DATASET EXCERPTS below:

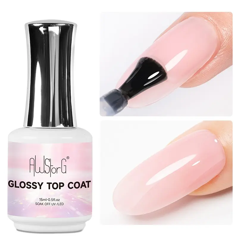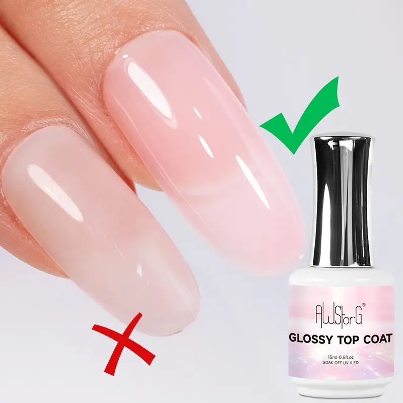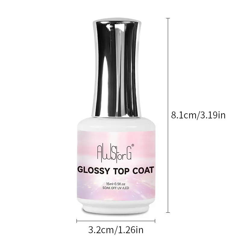 AWStorG 15ML Glass Effect Top Coat Gel, Anti-Scratch Durable Nail Care, High Shine,Long-Lasting Protection for Gel Nails, Suitable for Manicure and Pedicure
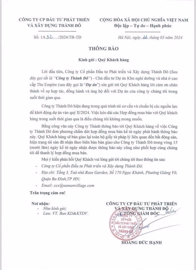 Theo đó, doanh nghiệp này cho biết công ty đang trong quá trình tái cơ cấu và chuẩn bị các nguồn lực để khởi động dự án The Empire vào quý II/2024, việc kéo dài các Hợp đồng mua bán với khách hàng trong thời gian qua là điều không mong muốn. Vì vậy, công ty đơn phương chấm dứt hợp đồng mua bán kể từ ngày phát hành thông báo.
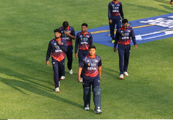 टस जितेर पहिले ब्याटिङ गरेको नेपालले १८ ओभर ५ बलमा ८ विकेटको क्षतिमा १२२ रन जोडेको थियो। कप्तान दीपेन्द्रसिंह ऐरीको नेतृत्वमा मैदान उत्रिएको नेपाली टोलीले मध्यम सुरुवातलाई अन्त्यतिर सम्हाल्ने प्रयास गरे पनि लगातार विकेट गुमाएको थियो।
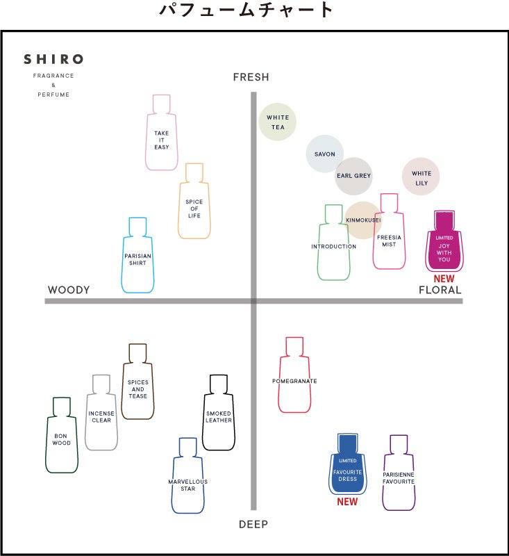コスメティックブランド「SHIRO」を展開する株式会社シロ(本社:東京都港区、代表取締役:福永敬弘)は、2022/11/12(土)に『JOY WITH YOU』と『FAVOURITE DRESS』の限定パフューム2種の香りから4アイテムずつを発売いたします。
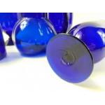 A super group of BRISTOL BLUE vintage glasswear to include four substantial goblets each standing 18cm all with ground pontil marks. A 15cm tall water jug and a matching beaker. A really lovely collection of unusually large Bristol Blue pieces.
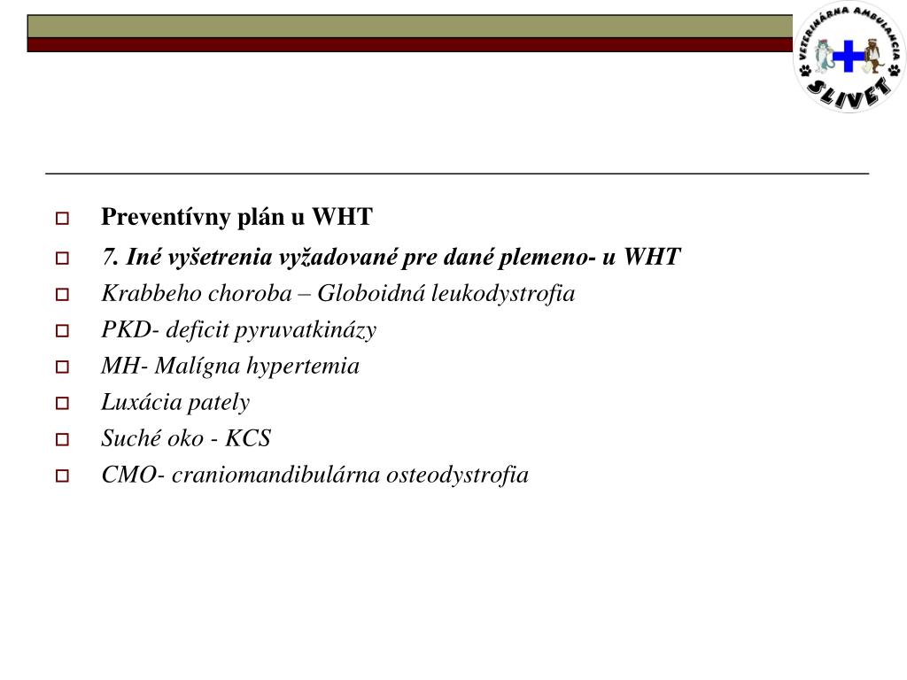 Preventívny plán u WHT • 7. Iné vyšetrenia vyžadované pre dané plemeno- u WHT • Krabbeho choroba – Globoidná leukodystrofia • PKD- deficit pyruvatkinázy • MH- Malígna hypertemia • Luxácia pately • Suché oko - KCS • CMO- craniomandibulárna osteodystrofia

End of DATASET EXCERPTS.

(TASK STATEMENT): The expected answer is an exact copy of the lines from the one containing "A super group" through the last line of the entries above, both included, without pictures.

(THE ANSWER):
 A super group of BRISTOL BLUE vintage glasswear to include four substantial goblets each standing 18cm all with ground pontil marks. A 15cm tall water jug and a matching beaker. A really lovely collection of unusually large Bristol Blue pieces.
 Preventívny plán u WHT • 7. Iné vyšetrenia vyžadované pre dané plemeno- u WHT • Krabbeho choroba – Globoidná leukodystrofia • PKD- deficit pyruvatkinázy • MH- Malígna hypertemia • Luxácia pately • Suché oko - KCS • CMO- craniomandibulárna osteodystrofia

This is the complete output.